Standards of quality enumerate the factors that affect these
properties and apply to individual ready-to-cook poultry
carcasses, parts, and products. There are no grade standards
for giblets, detached necks and tails, wing tips, and skin.
Quality Factors for Carcasses and Parts of Poultry
Conformation
The structure or shape of the bird may affect the distribution
and amount of meat, while certain defects detract from its
appearance. Some of the defects that should be noted are
breasts that are dented, crooked, knobby, or V-shaped; backs
that are crooked or hunched; legs and wings that are
deformed; and bodies that are definitely wedge-shaped.
Fleshing
The drumsticks, thighs, and breast carry the bulk of the meat.

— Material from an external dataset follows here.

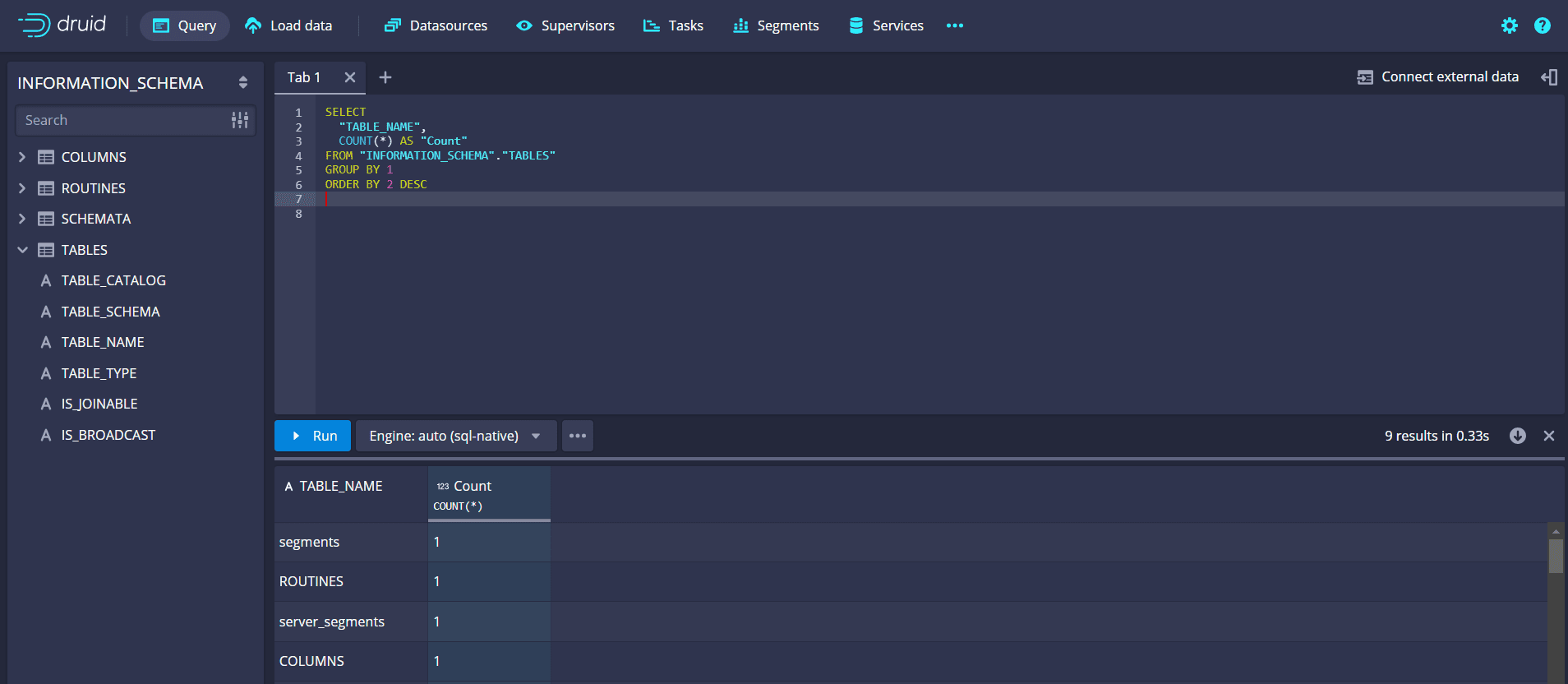 Use the Druid console or connect to Druid from your preferred BI tool to execute queries and visualize data.

There is, however, a definite correlation between the covering
of the flesh over the back and the amount of flesh on the rest
of the carcass.
Fat Covering
Fat in poultry is judged entirely by accumulation under the
skin. This is true even for chicken parts.
Feathers
Processors try to eliminate the problem of feathers by moving
poultry to slaughter after feathering cycles are over.
Exposed Flesh, Cuts, Tears, and Broken Bones
Exposed flesh can result from cuts, tears, missing skin, or
broken or disjointed bones. It detracts from the appearance of
the carcasses and parts and permits the flesh to dry out
during cooking, thus lowering the eating quality.